Wednesday, April 18, 2012

It is just after five in the morning, and I have been sitting here searching for words, wanting to begin this post in just the right place.

But I am perplexed, for there are so many beginnings.  I shall begin at the end, then, and share what is, for me, such day-breaking, joy-making news:
April 17, 2012
Non-fiction:
General/Other        
Memoirist, fiction writer and National Book Award finalist for A SLANT OF SUN, Beth Kephart's HANDLING THE TRUTH, a book devoted to the reading, teaching, and making of memoir; about consequences and libraries, privileges and pleasures, and finally knowing ourselves -- providing a proven framework for teachers, students, and readers, to Lauren Marino at Gotham, by Amy Rennert at the Amy Rennert Agency (world). 
HANDLING THE TRUTH emerges from my years of writing, critiquing, and teaching memoir.  It erupts from a place both scorched and urgent.  It means so much to me because my students mean so much to me, and because memoir—the form, the possibilities—must, I think, be both reconsidered and defended.

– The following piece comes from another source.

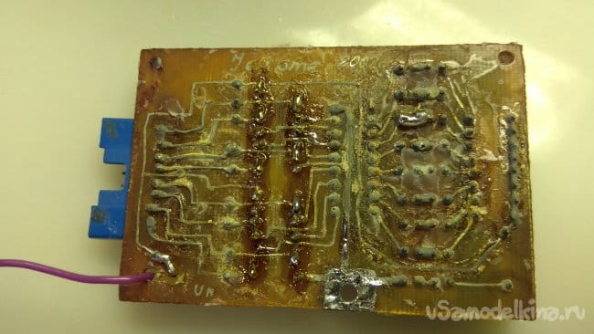 Выпаял неисправные микросхемы. Пятачки на плате местами оторвались, даже возникла мысль сделать новую плату, но поленился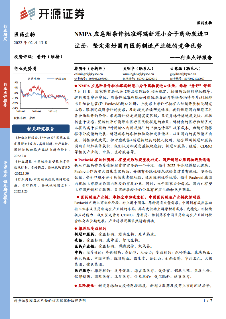 医药生物行业点评报告:NMPA应急附条件批准辉瑞新冠小分子药物获进口注册,坚定看好国内医药制造产业链的竞争优势

But no book emerges on its own.  This one will exist because my agent, Amy Rennert, received the first 70 pages of this book on a Saturday morning, read it on a Sunday morning, and called me that Sunday afternoon.  She already had a plan.  She was certain.  She took the book out into the world, and before I even had a chance to dream, she had found this book its right home.   Shore lady, she wrote to me last week, as I was contemplating dolphins and sea, we have a deal. Lauren Marino is the executive editor of Gotham Books, a Penguin Group imprint (who doesn't love Penguin?). She has worked with Diablo Coady, Isaac Mizrahi, Thomas Moore, Jeffrey Zaslow, Ann Crittenden, Ruth Reichl, Jane Green, Cindy Crawford, Willie Nelson, and others.  I am honored by the chance to write for her.

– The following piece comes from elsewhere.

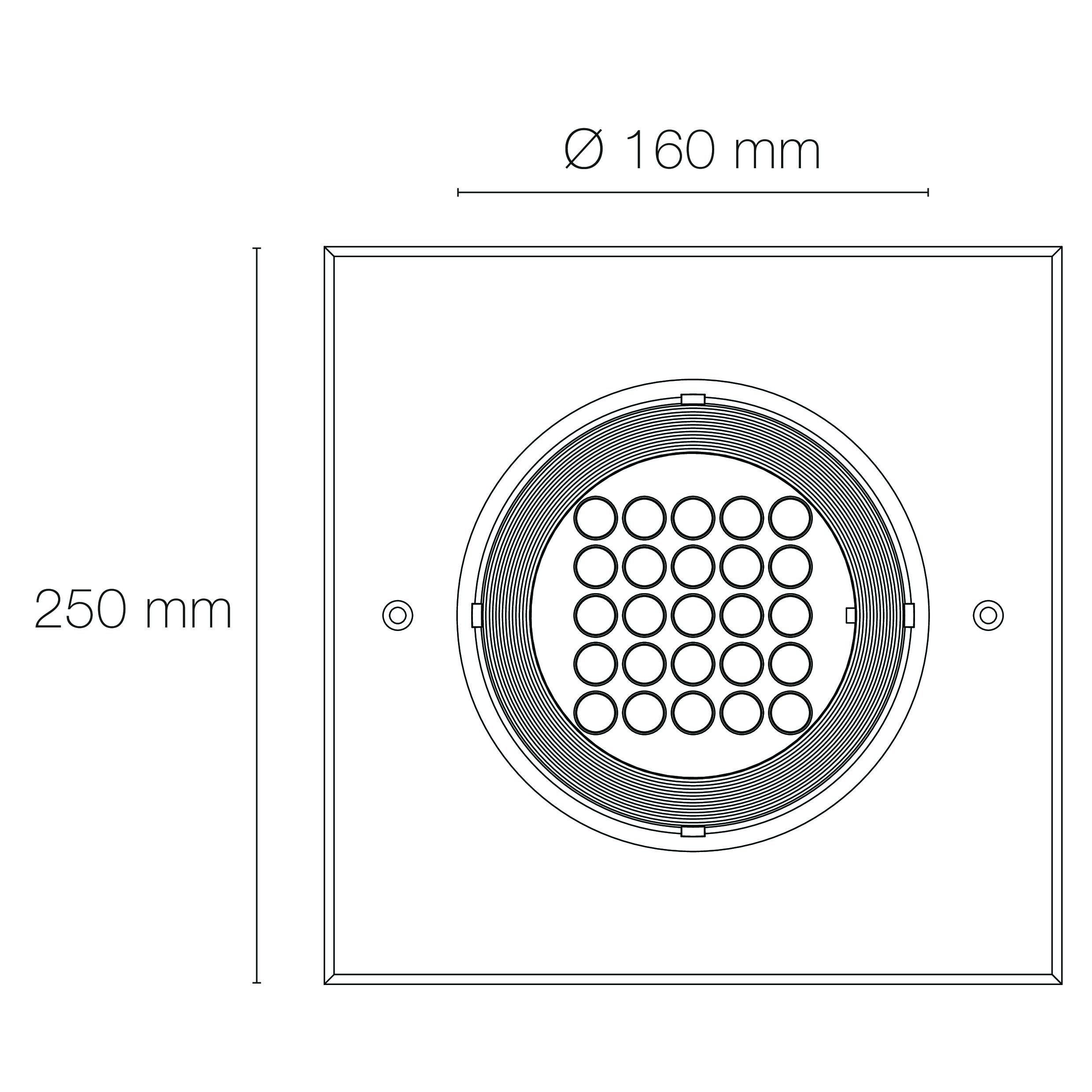 Encastré de sol EUROPOLE DEEP LIGHT 250 fixe - 230 carré inox brossé, blanc 2000K, IRC>80, 25x1W, 2205lm (88,2lm/W), verre transparent/nid d'abeille basse luminance 30° (éclairage), 230VAC. Classe de protection I, IP67, IK10, câblé de 0,5m avec connectiques rapides IP68 Plug & Play mâle et femelle, HO5RN-F 3x1mm². Durée de vie : 30000h. Dimmable : Non. Dimension collerette : 250x250mm. Diamètre d'encastrement : 219mm. Matériau : corps en aluminium/collerette en inox 316L. Traitement de la surface : corps traité anticorrosion. Résistance environnement : garantie corrosion 15 ans. Températures de fonctionnement : -20°C/+40°C. Walkover : Oui. Driveover : 1500Kg avec pot d'encastrement. Submersible : Non. Diamètre de découpe indiqué pour installation sans pot d'encastrement.

I am delighted, too, to share this one other small thing at this early hour:  HANDLING THE TRUTH is a book that once sported another title.  And then one morning, while grousing on Facebook about a nonfiction writer who takes (in my opinion) far too many liberties, Melissa Sarno posted a video clip meant to make me laugh and (perhaps, who knows?) to silence my rant.  All day long I kept thinking about that clip and about how much I love Melissa.  I knew by dusk what I had to do.  Sarno, you are loveliness supreme.

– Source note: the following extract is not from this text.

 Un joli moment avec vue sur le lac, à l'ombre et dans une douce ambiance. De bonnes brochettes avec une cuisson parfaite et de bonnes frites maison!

I have many people, then, to thank today.  Gregory Djanikian, for inviting me to teach at Penn in the first place. Al Filreis of Penn's Kelly Writers House, for supporting my work in the classroom.  My students, whose work and faces and stories thrill, inspire, uplift me.  Amy Rennert, for believing so much in this book, for making sure it had the right home, for being a friend through all these years.  Lauren Marino, for your (joy-making) faith.  And, of course, Melissa and Jack.